The US-based rights group said in a 68-page report on Monday that the Muslim refugees – who have fled a state-sponsored ethnic cleansing campaign at home in Myanmar – should not have to face floods and landslides, urging the Bangladeshi officials to provide them with better shelters as well as adequate education.

Almost one million Rohingya Muslims have fled their homes in Myanmar’s Rakhine State to take refuge  in border camps in Bangladesh’s Cox’s Bazar.

Some 700,000 of them arrived in Bangladesh after the latest military crackdown on the stateless minority started in August last year.

The report points out the risks of communicable diseases, fires, community tensions and sexual violence in packed areas.

The average space in the mega-camp section of Cox’s Bazar is 10.7 square meters per person, compared to a refugee camp standard of 45 square meters per person.

“It’s an incubation for contagious disease, for social dysfunction, domestic violence for example, and things like fire,” Bill Frelick,

refugee rights director at HRW, told reporters while unveiling the report dubbed, “‘Bangladesh Is Not My Country’: The Plight of Rohingya Refugees from Myanmar.”

“Immediately what is needed is relocation,” he insisted.
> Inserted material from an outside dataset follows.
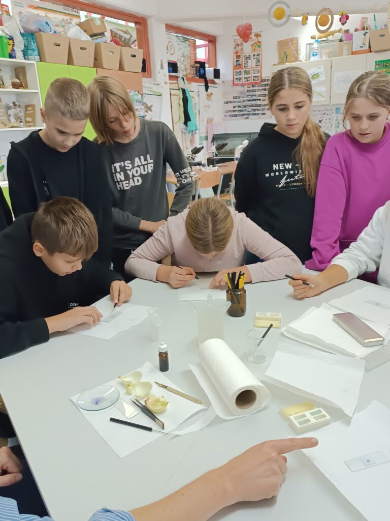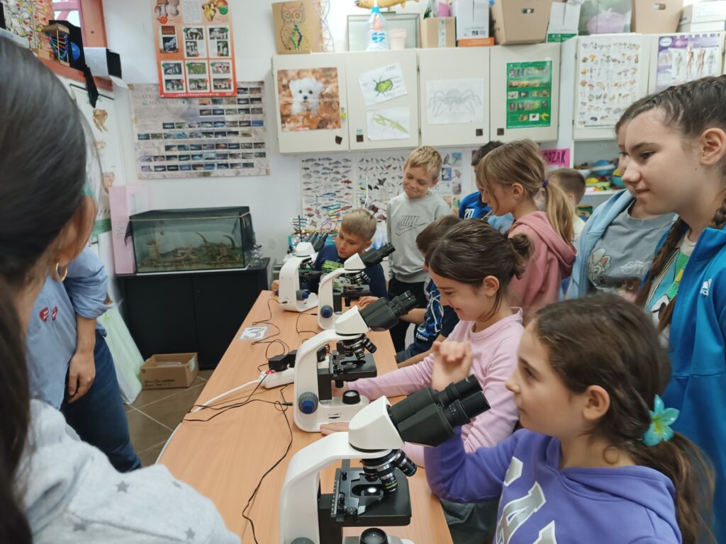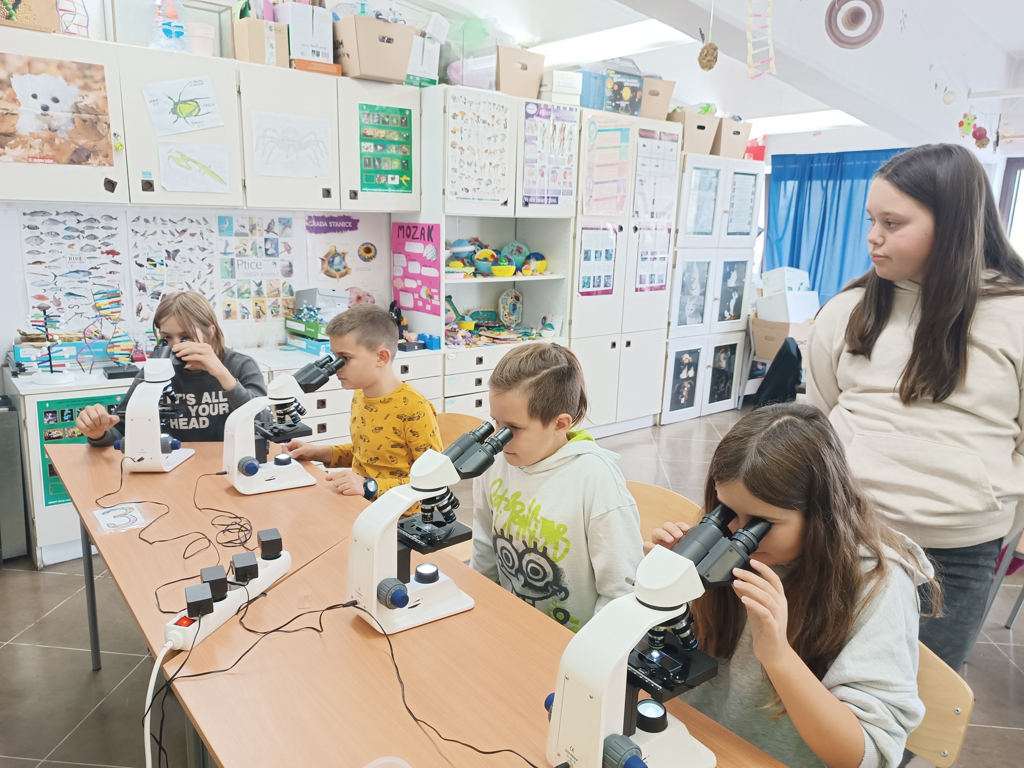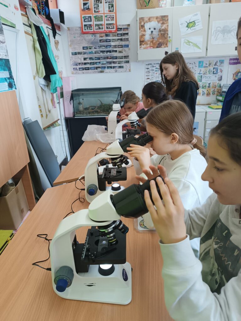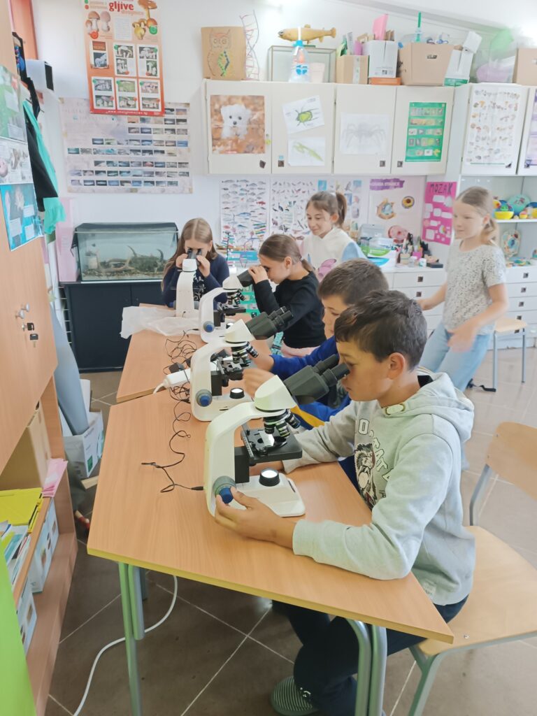 Učenici petih razreda uspješno su usvojili tehniku izrade mikroskopskih preparata i pravilne uporabe mikroskopa. (M.M.)

HRW said it had identified six feasible sites that could accommodate 263,000 refugees living in dire conditions.

It warned, however, against moving the refugees to an uninhabitable island in the Bay of Bengal called Bhasan Char amid reports of such a plan.

Other recommendations by HRW were for Bangladeshi authorities to provide the Rohingya Muslims forced out of Myanmar with legal refugee status, freedom of movement as well as cyclone shelters.

The report called for greater contributions from donor governments, agencies and NGOs to help improve the conditions. It said an appeal for $136.6 million for shelter and non-food items was only 14 percent funded as of last month.